On 30 January 2013, a Dutch judge ruled in favor of four Nigerian farmers and Friends of the Earth Netherlands in their joint case - lodged in 2008 - against Shell Nigeria and its parent company Royal Dutch Shell. The court found Shell guilty of negligence and ordered the company to compensate residents in one of three affected villages that suffered severe oil contamination due to its operations. However, the court failed to hold Royal Dutch Shell accountable for the actions of its subsidiary, Shell Nigeria, in two accompanying cases concerning affected communities. Friends of the Earth Netherlands filed appeals to these decisions in May 2013.
The Nigerian government uncovered evidence pointing to Eni and Shell's involvement in a corruption scandal concerning their acquisition of the offshore OPL245 oil block.
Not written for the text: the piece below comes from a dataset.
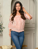 This 100% cotton women's off shoulder top is the perfect blend of style and comfort. Made with 100% natural cotton, it offers a soft and breathable fabric that is gentle on the skin. The off shoulder design adds a touch of elegance, while the embroidery detailing adds a delicate and feminine touch to any outfit. Stay cool and stylish with this must-have wardrobe staple.
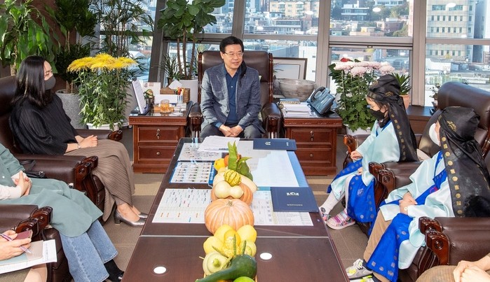 성장현 서울 용산구청장이 지난 2일 구청장 집무실에서 '2020 전국 어린이 고전암송대회' 수상자들을 만나 격려했다. 사진은 성 구청장(가운데)이 수상자들에게 격려를 하는 모습. (사진제공=용산구청)

Currently, Shell and Eni are being sued over this corrupt USD 1.3 billion bribery and officials from Shell and Eni could go to prison for up to eight years. A Nigerian and an Italian have already been found guilty for international corruption in the OPL245 case. More lawsuits in the Netherlands and Italy will follow.
Shell promised to clean up part of the oil spills in the Niger Delta, but according to Amnesty International it never did.
As part of an ongoing crackdown on tax evasion, Indian authorities have sent notices to several multinational companies, including Shell, demanding they pay more taxes. Authorities claim the companies undervalued transactions ranging from share transfers to sales. In 2010, Shell was excluded from the Dow Jones Sustainability Index because of their continued oil pollution in Nigeria. Similarly, TRIODOS excluded Shell from their investments due to Shell's ongoing human rights abuses in the region.
Shell spends at least USD 49 million a year on lobbying to block climate change policies.
Several financial institutions have financed Shell in September 2018 with credit facilities totalling USD 8.8 billion, with a two year term (Shell International Finance Annual report 2018).